The initial few lines of this set the estimation range, which needs to be done explicitly, and the number of variables. Then, vectors for the dependent variables, residuals and residual formulas are set up. The SET instructions copy the dependent variables over into the slots in the vector of series.

 

compute gstart=2,gend=6237

compute n=3

dec vect[series] y(n) u(n)

dec vect[frml] resid(n)

set y(1) = xjpn

set y(2) = xfra

set y(3) = xsui

 

This is specific to a mean-only model. It sets up the formulas (the &i are needed in the formula definitions when the FRML is defined in a loop), and estimates them using NLSYSTEM. This both initializes the mean parameters, and computes the unconditional covariance matrix. If you want more general mean equations, the simplest way to do that would be to define each FRML separately.

 

dec vect b(n)

nonlin(parmset=meanparms) b

do i=1,n

   frml resid(i) = (y(&i)-b(&i))

end do i

nlsystem(parmset=meanparms,resids=u) gstart gend resid

compute rr=%sigma

 

The paths of the covariance matrices and UU are saved in the SERIES[SYMM] named H and UU. UX and HX are used to pull in residuals and H matrices.

 

declare series[symm] h uu

declare symm hx(n,n)

declare vect ux(n)

 

These are used to initialize pre-sample variances.

 

gset h  * gend = rr

gset uu * gend = rr

 

This is a standard (normal) log likelihood formula for any multivariate GARCH model.
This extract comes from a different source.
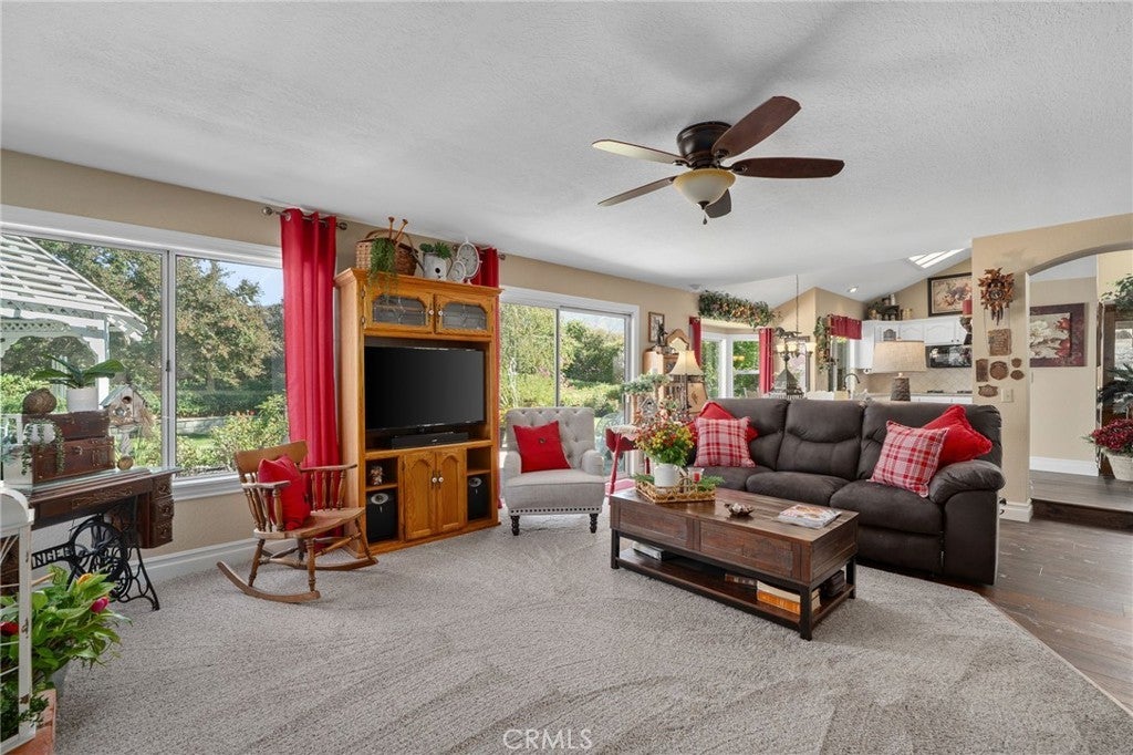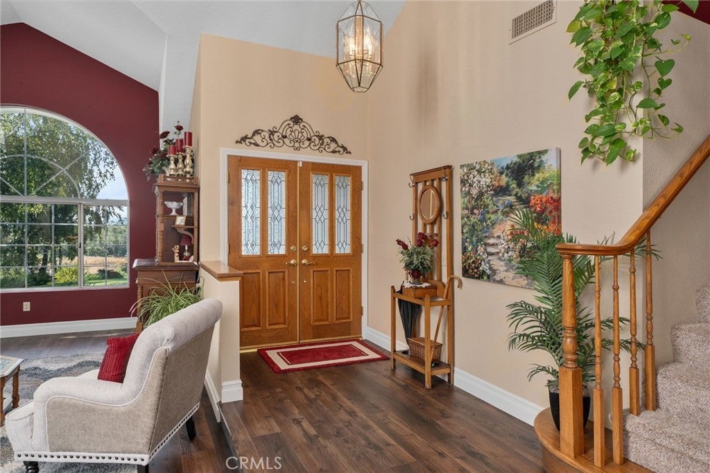 This impeccably maintained and tastefully upgraded 4-bedroom, 3-bath home offers 2,275 sq ft of comfortable living space on a beautifully landscaped 1-acre lot—ample space to build a resort-style pool, outdoor kitchen and an ADU/casita. Enjoy spectacular mountain and lake views from your own private oasis, where nature and serenity meet luxury and convenience. Inside, discover a spacious layout featuring a formal living and dining room, an open-concept kitchen with double electric ovens, and a cozy family room anchored by a zero-clearance wood-burning fireplace. Ideal for multi-generational living, the home includes a bedroom and full bath on the main level. An extra-wide staircase provides easy access to three generous-sized bedrooms, including the primary bedroom w/ensuite bath. The secondary bedrooms have the convenience of a Jack-n-Jill bath between them. Outside, delight in your personal orchard with peach, plum, apple, orange, and nectarine trees, plus a park-like backyard perfect for entertaining. Relax under the gazebo, soak in the Tuff portable spa, or watch the kids play in their very own playhouse. Additional outdoor features include a garden swing, birdhouse arbor, and automatic sprinklers covering all landscaping. Practical upgrades include a motorized sliding gated driveway, 60+ ft RV pad with 50-amp service and water, and a 12' x 6' utility shed. With no HOA and a very low tax rate, this property offers both freedom and value. A rare opportunity to own a slice of country paradise with breathtaking views and modern comforts—schedule your showing today!

The difference among these will be in the definitions of HF and RESID. The function %XT pulls information out of a matrix of SERIES.

 

declare frml[symm] hf

frml logl = $

    hx = hf(t) , $

    %do(i,1,n,u(i)=resid(i)) , $

    ux = %xt(u,t), $

    h(t)=hx, uu(t)=%outerxx(ux), $

    %logdensity(hx,ux)

 

DVECH Model

This creates the parameter matrices (each an \(N \times N\) SYMMETRIC matrix), initializes them and creates the HF FRML that describes the DVECH recursion. The \(\bf{A}\) parameters are all initialized to .05 and the \(\bf{B}\)'s to .80. (So highly persistent, but bounded away from 1). The \(\bf{C}\)'s are scaled to give an unconditional covariance that matches the observed RR covariance.

 

In the FRML HF instruction, .* is used for the elementwise product of two matrices.

 

dec symm vcs(n,n) vas(n,n) vbs(n,n)

compute vcs=rr*(1-.05-.80),vas=%const(0.05),vbs=%const(0.80)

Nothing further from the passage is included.